Melalui upacara ini, keluarga menyampaikan rasa terima kasih dan penghormatan kepada kekuatan gaib yang telah menjaga keselamatan sang anak. Ini juga menandai dimulainya kehidupan baru sang bayi, yang kini siap berjalan dalam harmoni dengan alam dan semesta.
Di Mana dan Bagaimana Tutug Kambuhan Dilakukan?

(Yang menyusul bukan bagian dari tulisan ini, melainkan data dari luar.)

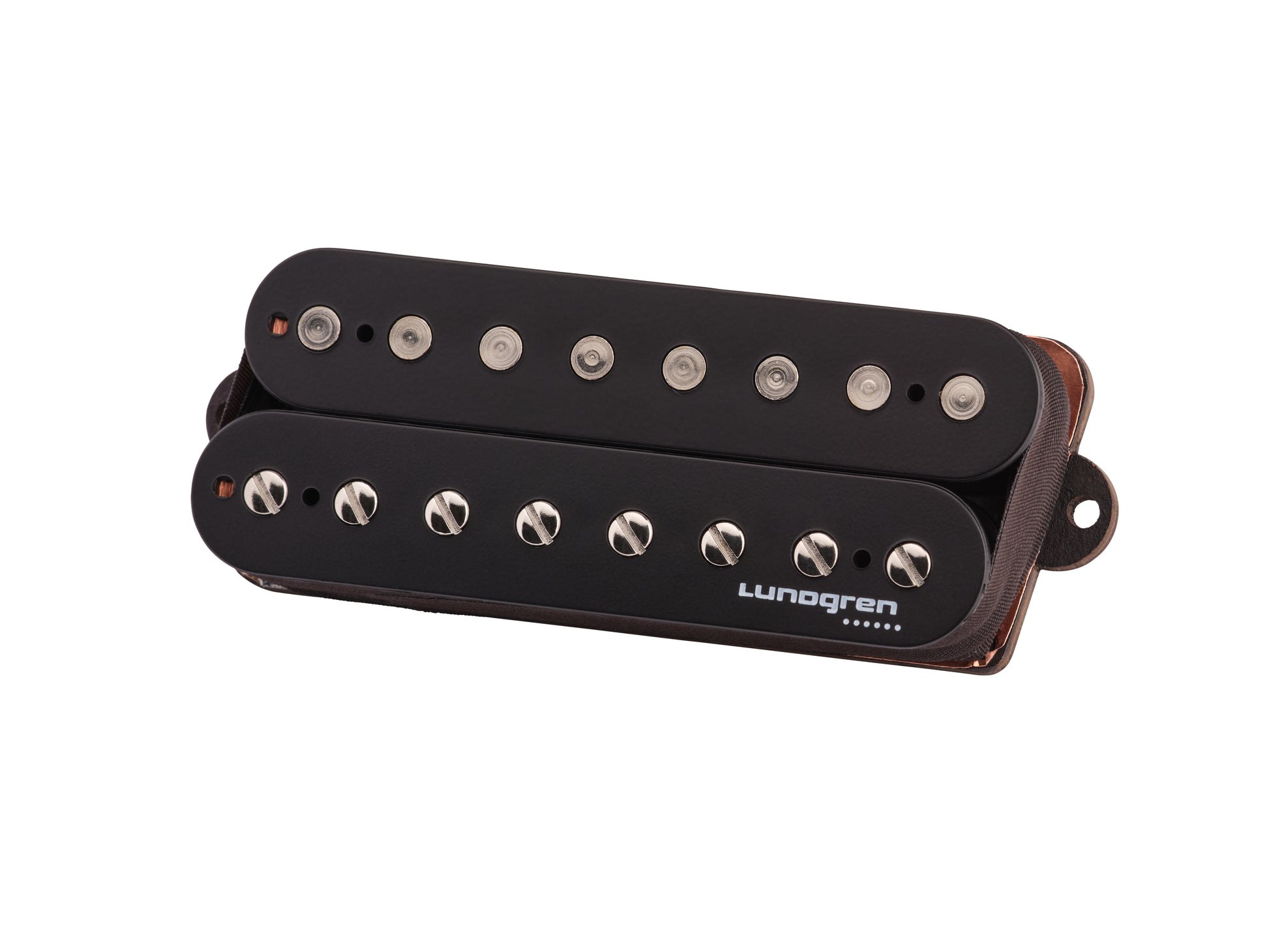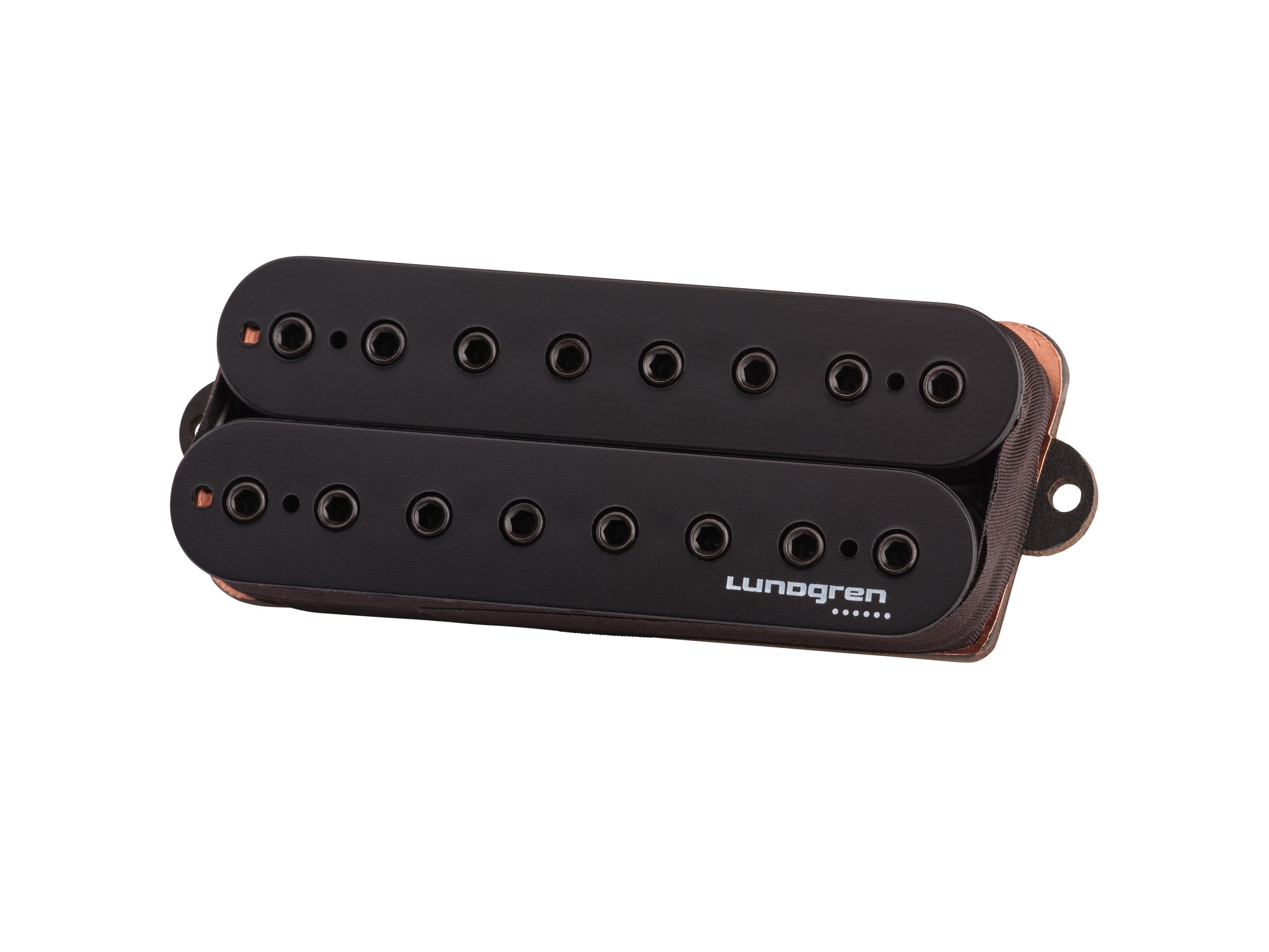 Lundgren M8 10 degree multiscale. We supply the original straight M8 to Ibanez guitars. Introduced 1999 and is a pioneer at open 8 stringed pickups. Often Imitated but not nailed. Go for the original.

Upacara Tutug Kambuhan biasanya digelar di rumah, dipimpin oleh seorang sulinggih (pendeta Hindu). Prosesi dilangsungkan di tiga titik penting, masing-masing merepresentasikan tiga aspek utama kekuatan Tuhan dalam konsep Tri Murti:
-
Dapur – tempat pemujaan Dewa Brahma (pencipta),
-
Tempat pemandian – simbol Dewa Wisnu (pemelihara),
-
Sanggah Kamulan – altar utama untuk Dewa Siwa (pelebur).

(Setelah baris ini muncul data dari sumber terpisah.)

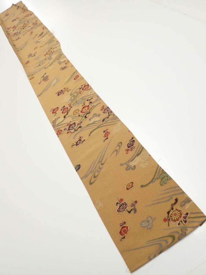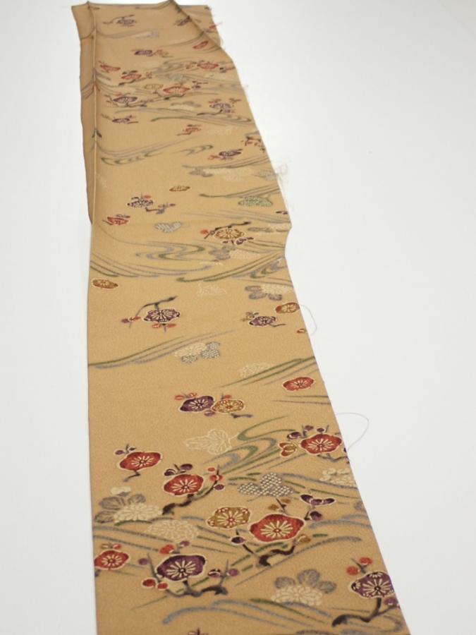 1F08z40 Japanese Kimono Silk FABRIC Plum blossom Ochre 58.3x7.3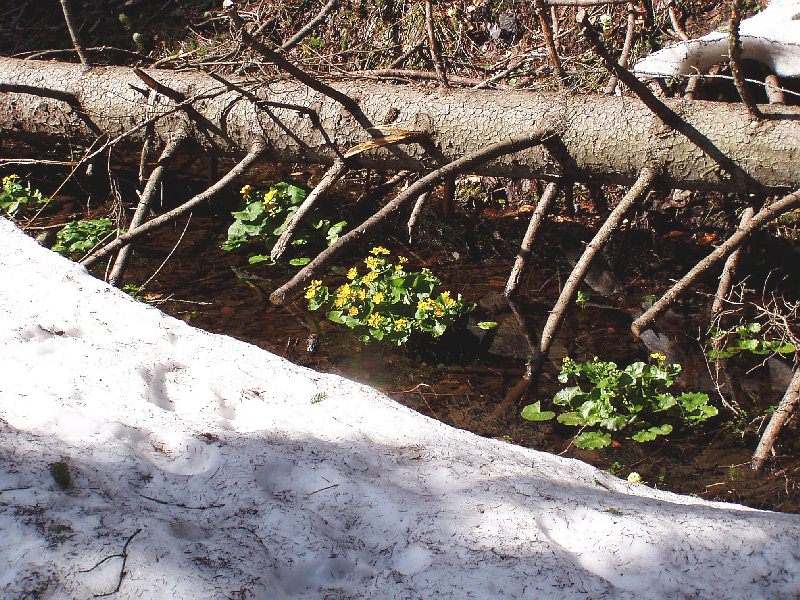Trotz des Schnees blühts stellenweise, Dotterblumen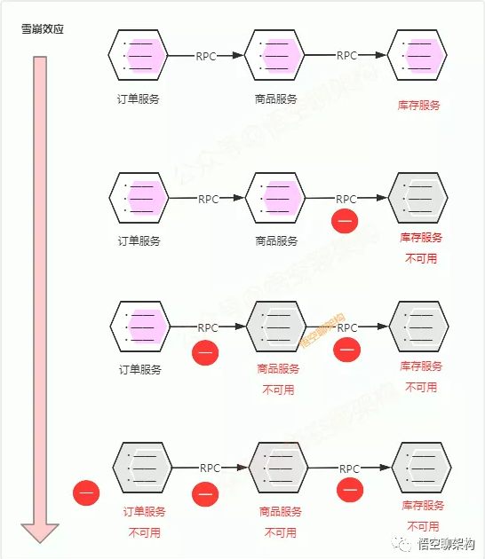 - 而订单服务也会重走商品服务的老路。结果就是三个服务都不可用了。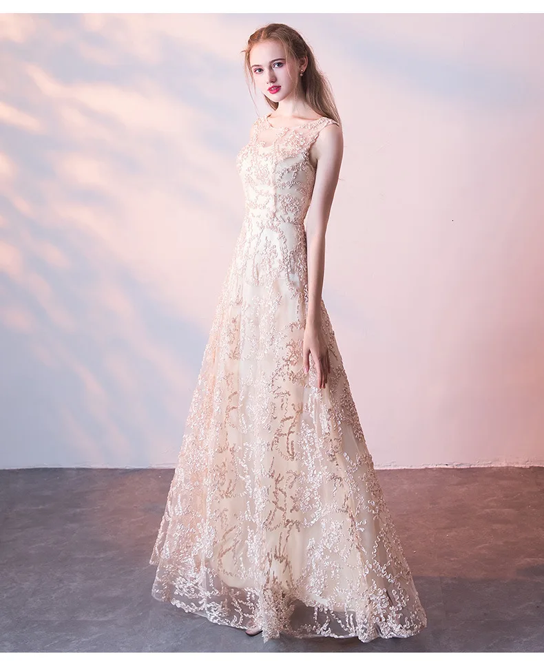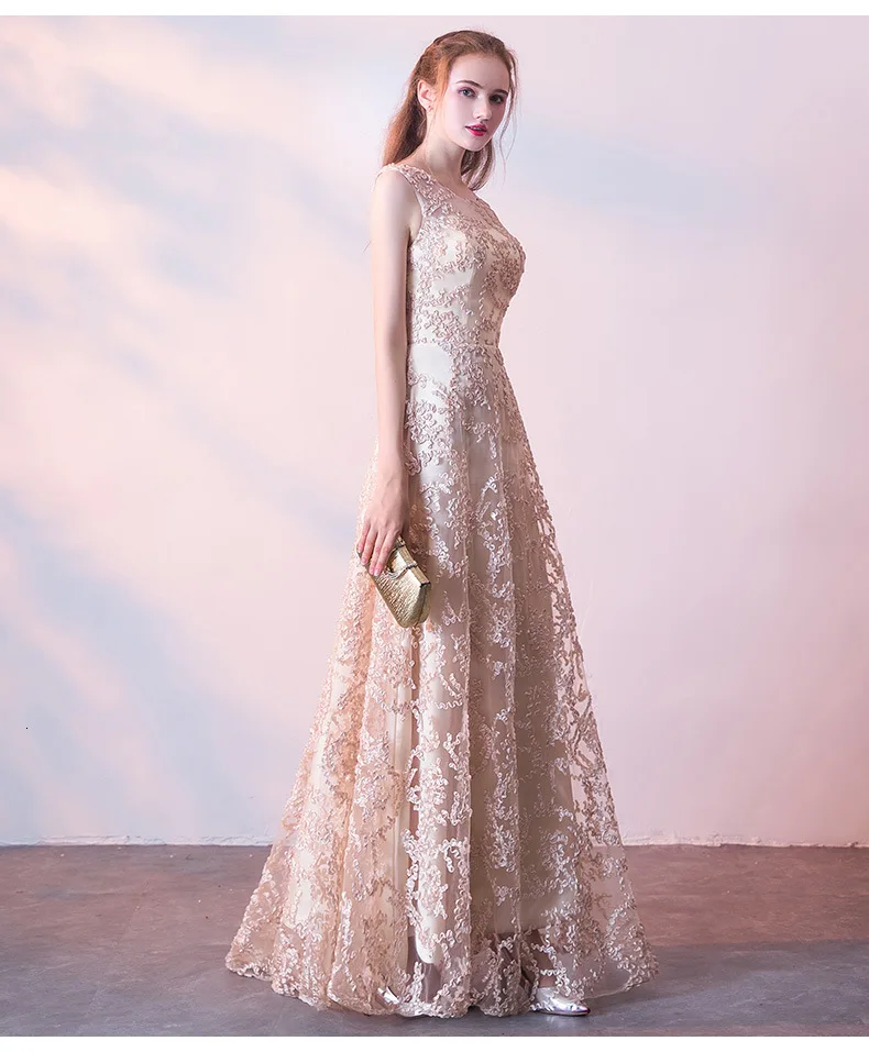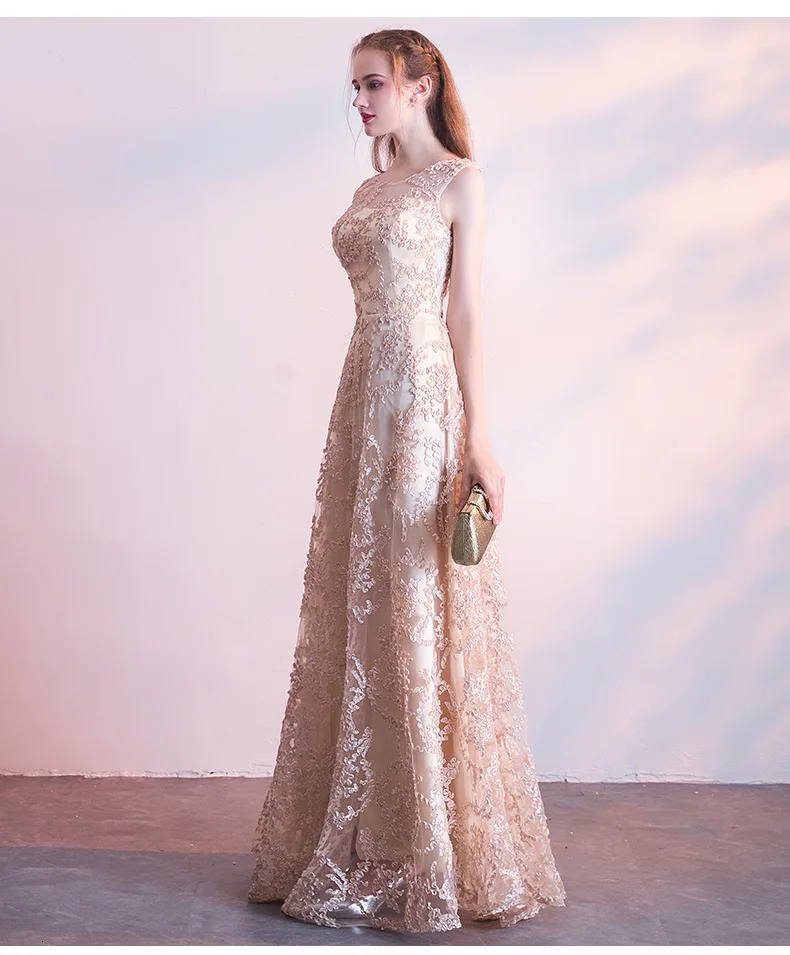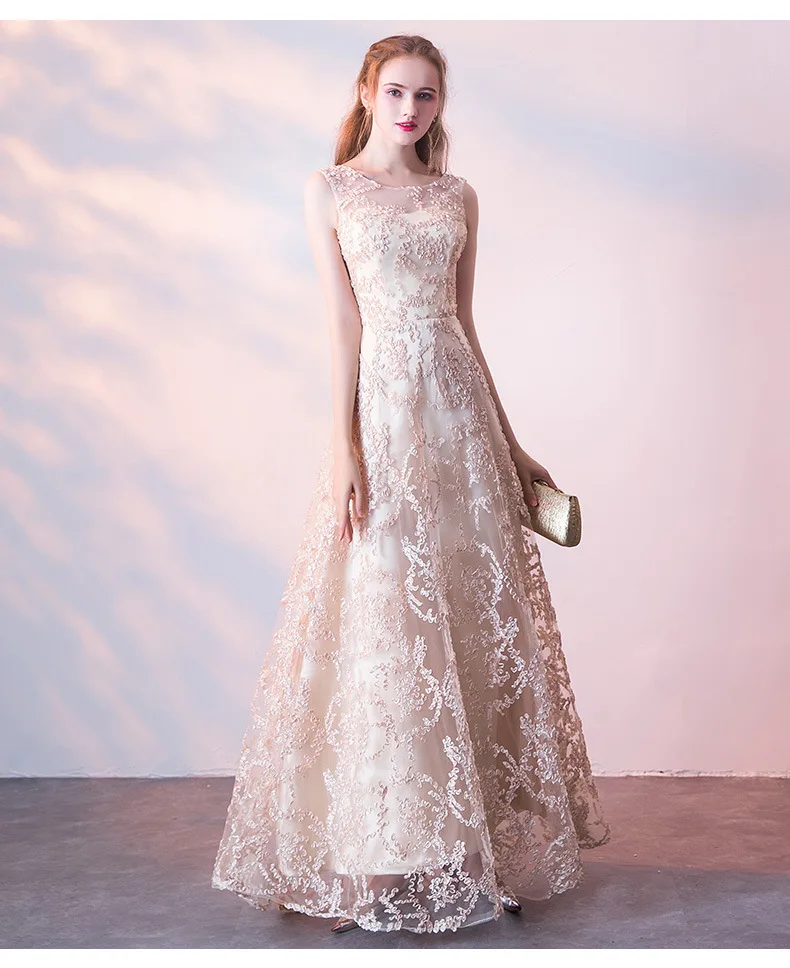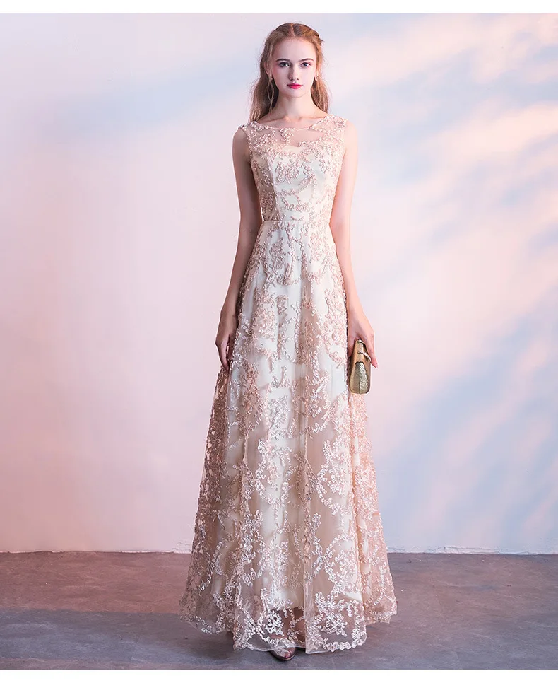 Вечерние платья, элегантное платье с высоким воротником и аппликацией, вечернее платье до пола, простое кружевное формальное платье А-силуэта на молнии сзади

Setiap titik dihiasi dengan banten (sesajen) dan disertai pembacaan doa-doa suci. Tujuan utama prosesi ini adalah memohon keselamatan, kebersihan jiwa, dan perlindungan dari pengaruh buruk—baik yang tampak maupun tak kasat mata.
Melukat dan Natab: Inti dari Ritual Penyucian
Dua komponen penting dalam upacara ini adalah melukat dan natab. Melukat merupakan ritual pembersihan diri secara spiritual, sedangkan natab adalah pemberkatan yang diberikan oleh pendeta.
Kedua elemen ini menjadi inti dari transformasi energi bayi dan ibunya. Selain menyucikan, ritual ini juga menyimbolkan harapan orang tua agar sang anak tumbuh sehat, kuat, dan selalu berada dalam lindungan spiritual.
Sebagai penutup, seluruh anggota keluarga melakukan sembahyang bersama, memanjatkan doa kepada Sanghyang Widhi Wasa sebagai bentuk syukur dan permohonan untuk hidup yang seimbang dan bahagia.
Warisan Budaya yang Sarat Nilai Kehidupan
Lebih dari sekadar tradisi turun-temurun, Tutug Kambuhan adalah cerminan filosofi hidup masyarakat Bali. Ia mengajarkan pentingnya menjaga keselarasan antara tubuh, jiwa, dan alam sejak awal kehidupan.
Tak heran jika ritual 42 hari bayi di Bali ini dianggap sakral dan wajib dijalankan. Bagi umat Hindu di Pulau Dewata, upacara ini adalah wujud kasih sayang, rasa syukur, dan komitmen untuk menumbuhkan generasi yang kuat secara spiritual dan emosional.